The rise of Nancy Hamzawi to PHAC president shows Ottawa doubling down on bureaucracy over expertise
Nancy Hamzawi’s appointment as president of the Public Health Agency of Canada (PHAC) should alarm Canadians who value privacy, limited government and medical freedom.
Although the recently resigned Theresa Tam was often called Canada’s “top doctor,” she reported to the PHAC president. Now Hamzawi becomes the fifth person to hold that position in just five years.
Unlike Tam, Hamzawi has no medical training—only a deep résumé in bureaucracy. And like Tam, she appears comfortably aligned with big government, big pharma and global institutions.
Hamzawi holds a master’s degree in chemical engineering from the University of Ottawa. She became assistant deputy minister of the science and technology branch at Environment and Climate Change Canada in 2018. According to her biography, she helped make Canada a world leader in addressing climate change and “plastic pollution.”
That leadership came at a cost. Canada is now implementing one of the most burdensome regulatory regimes on domestic manufacturers in the world. The new plastics registry will require businesses to report on the entire lifecycle of plastic—from production to disposal—feeding a government information machine at great expense, with no clear environmental payoff.
Hamzawi later became assistant deputy minister of Health Canada’s health products and food branch, another area where excessive regulation threatens an entire industry. Recent Liberal governments repeatedly attempted to force natural health product providers to prove efficacy through the same costly trials required for pharmaceutical drugs.
Past government consultations concluded this approach would do more harm than good. Herbs and traditional medicines have been used for centuries with excellent safety records.
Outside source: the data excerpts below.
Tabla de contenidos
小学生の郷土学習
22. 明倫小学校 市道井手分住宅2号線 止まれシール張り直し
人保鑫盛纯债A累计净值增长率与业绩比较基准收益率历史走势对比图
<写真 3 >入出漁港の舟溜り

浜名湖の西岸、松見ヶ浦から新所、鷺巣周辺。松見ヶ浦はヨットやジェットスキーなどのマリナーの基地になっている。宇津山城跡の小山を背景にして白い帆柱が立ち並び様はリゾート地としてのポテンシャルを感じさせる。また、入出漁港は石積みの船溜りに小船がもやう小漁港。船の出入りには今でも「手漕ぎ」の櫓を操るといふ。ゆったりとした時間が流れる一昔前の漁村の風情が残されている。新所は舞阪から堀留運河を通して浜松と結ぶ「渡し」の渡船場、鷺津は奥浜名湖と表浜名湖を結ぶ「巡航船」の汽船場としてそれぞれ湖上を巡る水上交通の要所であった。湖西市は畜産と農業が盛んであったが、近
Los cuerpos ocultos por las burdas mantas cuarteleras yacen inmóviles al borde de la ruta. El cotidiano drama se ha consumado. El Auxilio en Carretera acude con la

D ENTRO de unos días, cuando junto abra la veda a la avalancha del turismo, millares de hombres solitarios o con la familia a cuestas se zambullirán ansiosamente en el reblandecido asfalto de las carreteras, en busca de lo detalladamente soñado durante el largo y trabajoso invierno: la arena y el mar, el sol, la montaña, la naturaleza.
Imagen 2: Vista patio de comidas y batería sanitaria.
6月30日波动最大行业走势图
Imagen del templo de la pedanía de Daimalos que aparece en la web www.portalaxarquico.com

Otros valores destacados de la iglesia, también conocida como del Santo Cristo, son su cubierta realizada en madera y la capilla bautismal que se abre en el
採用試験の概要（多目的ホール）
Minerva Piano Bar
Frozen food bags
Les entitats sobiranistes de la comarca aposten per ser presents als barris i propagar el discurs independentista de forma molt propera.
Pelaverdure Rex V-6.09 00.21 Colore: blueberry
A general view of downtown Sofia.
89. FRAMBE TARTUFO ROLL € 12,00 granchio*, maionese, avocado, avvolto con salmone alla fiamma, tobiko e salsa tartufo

The real winners of such drug-level testing requirements would be expanding bureaucracies funded by new fees and fines and big pharmaceutical companies that benefit from sidelining their competition.
For a time, Hamzawi also served as acting federal lead and assistant deputy minister of policy and strategic integration for the COVID-19 Testing, Contact Tracing and Data Strategy Secretariat at Health Canada. During the pandemic, surveillance in the name of public health reached new heights of intrusiveness and new lows of accountability.
PHAC accessed the location data of 33 million mobile devices using “de-identified cell-tower based location data,” a method of tracking and analyzing the general movement patterns of mobile devices without directly identifying the individual users, from January 2019 to May 2023, reaching back even before the pandemic began.
PHAC also co-developed the ArriveCan app with the Canada Border Services Agency and formally owned it until mid-2022. Both agencies shared user data without a formal agreement. A later auditor general report criticized this “accountability void.”
ArriveCan, initially projected to cost $80,000, ballooned into a $59.5-million boondoggle. The glitch-prone app remained mandatory for cross-border air travel and, in 2022, wrongly instructed 10,000 vaccinated travellers to quarantine. The Office of the Privacy Commissioner also investigated complaints about how personal data was handled.
PHAC developed the COVID Alert app as well, intended to notify users of potential virus exposures. However, given the unreliability of Polymerase Chain Reaction (PCR) test results and the limited risk to most Canadians, the app likely spread more fear than safety among its 6.9 million users. Polymerase Chain Reaction is used to detect genetic material, most commonly used to identify the presence of viruses like SARS-CoV-2, the virus that causes COVID-19.
Hamzawi may not bear primary responsibility for these failures, but she shares in them. Her record does not merit promotion. Yet in February 2023, she was named executive vice-president of health at PHAC.
Now, she holds the top job at an agency that has shown no remorse for embracing one of the most questionable global health strategies in modern history: lockdowns, masking, social distancing, mass quarantines, reliance on flawed PCR testing, rushed mRNA vaccines and the suppression of dissenting voices.
Had Canada adopted a focused protection approach—safeguarding the vulnerable while preserving freedom for the rest—as recommended in the Great Barrington Declaration, it could have avoided the enormous social and economic costs now weighing on the country. But Canadian health officials and the World Health Organization have shown no interest in such a reckoning.
In fact, the WHO is doubling down. On May 20, the World Health Assembly adopted the Pandemic Agreement, enabling even more sweeping measures in future emergencies. The agreement has raised alarms that international dictates could override national sovereignty and erode citizens’ rights, privacy and freedoms.
Don’t expect Hamzawi to push back. Her bio also says she “has also held several executive leadership positions in international affairs, regulatory programs and policy, and audit and evaluation.” Whatever the WHO has planned, she will almost certainly take Canada right along.
Canadians should be concerned.
Lee Harding is a research fellow for the Frontier Centre for Public Policy.